[[ MATERIAL PROVIDED open ]]

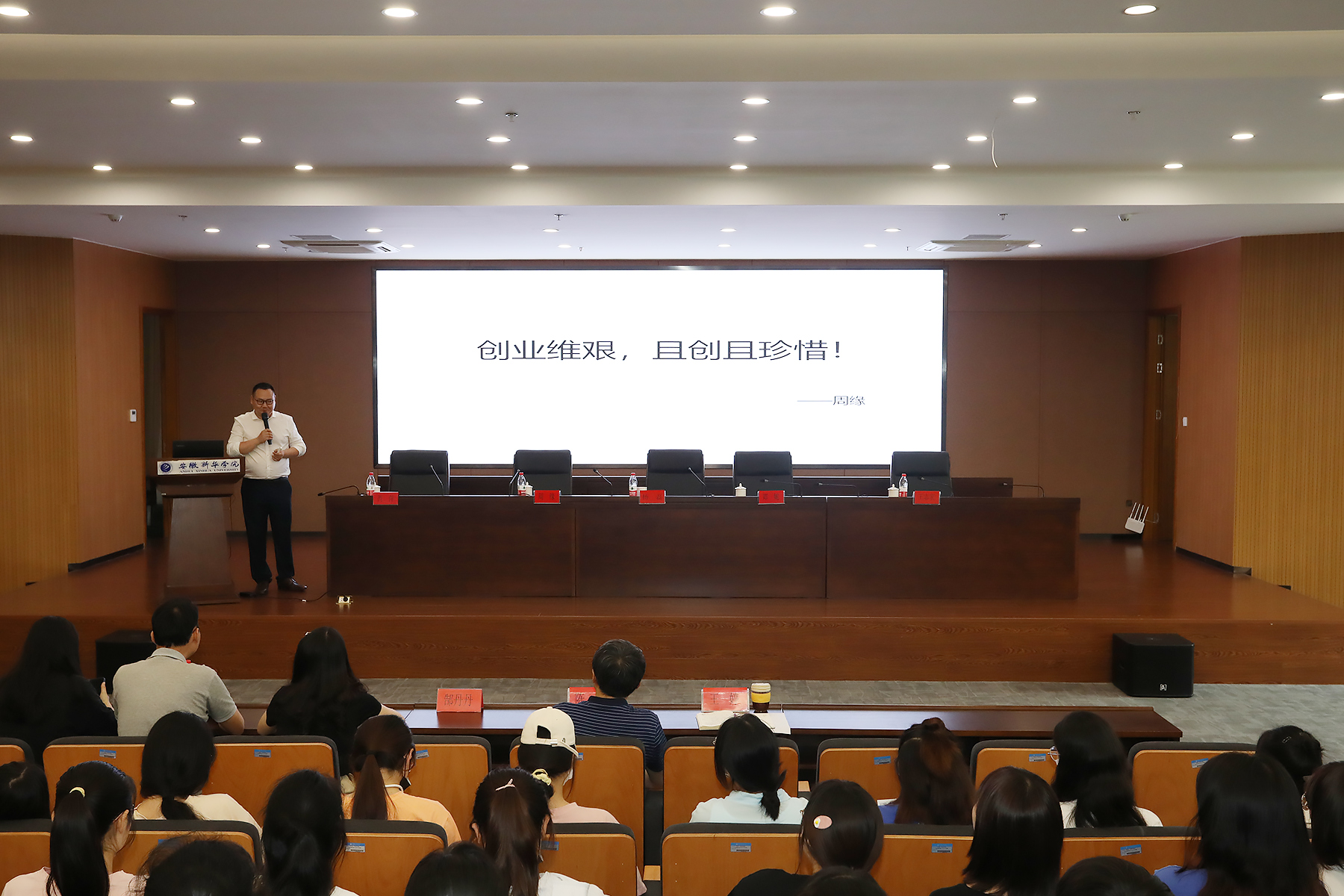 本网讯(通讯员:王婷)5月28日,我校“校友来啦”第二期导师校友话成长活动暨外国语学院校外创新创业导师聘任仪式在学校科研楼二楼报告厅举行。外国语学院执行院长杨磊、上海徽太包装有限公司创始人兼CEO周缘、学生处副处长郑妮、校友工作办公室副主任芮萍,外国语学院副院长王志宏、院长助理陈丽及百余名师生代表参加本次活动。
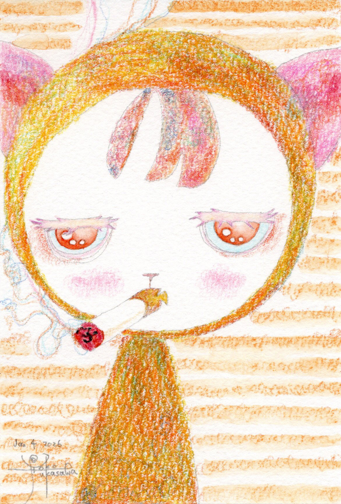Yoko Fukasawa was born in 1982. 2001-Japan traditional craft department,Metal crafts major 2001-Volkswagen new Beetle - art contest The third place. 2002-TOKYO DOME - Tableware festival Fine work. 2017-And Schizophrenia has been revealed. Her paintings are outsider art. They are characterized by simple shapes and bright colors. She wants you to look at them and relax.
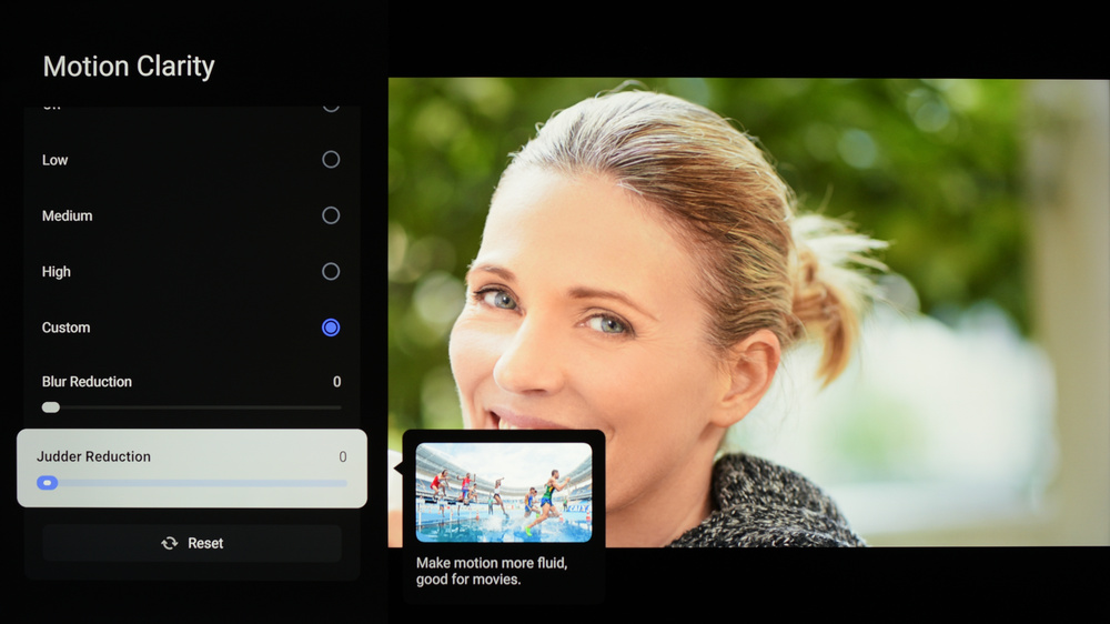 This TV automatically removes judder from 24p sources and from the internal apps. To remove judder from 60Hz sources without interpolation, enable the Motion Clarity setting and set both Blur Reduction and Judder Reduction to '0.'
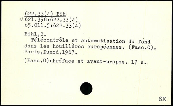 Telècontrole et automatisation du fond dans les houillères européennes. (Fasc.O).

[[ MATERIAL PROVIDED closed ]]

_ASSIGNMENT_
Whenever you reach a picture, pass over it; print all the other material exactly.

_FINISHED TASK_
 本网讯(通讯员:王婷)5月28日,我校“校友来啦”第二期导师校友话成长活动暨外国语学院校外创新创业导师聘任仪式在学校科研楼二楼报告厅举行。外国语学院执行院长杨磊、上海徽太包装有限公司创始人兼CEO周缘、学生处副处长郑妮、校友工作办公室副主任芮萍,外国语学院副院长王志宏、院长助理陈丽及百余名师生代表参加本次活动。
Yoko Fukasawa was born in 1982. 2001-Japan traditional craft department,Metal crafts major 2001-Volkswagen new Beetle - art contest The third place. 2002-TOKYO DOME - Tableware festival Fine work. 2017-And Schizophrenia has been revealed. Her paintings are outsider art. They are characterized by simple shapes and bright colors. She wants you to look at them and relax.
 This TV automatically removes judder from 24p sources and from the internal apps. To remove judder from 60Hz sources without interpolation, enable the Motion Clarity setting and set both Blur Reduction and Judder Reduction to '0.'
 Telècontrole et automatisation du fond dans les houillères européennes. (Fasc.O).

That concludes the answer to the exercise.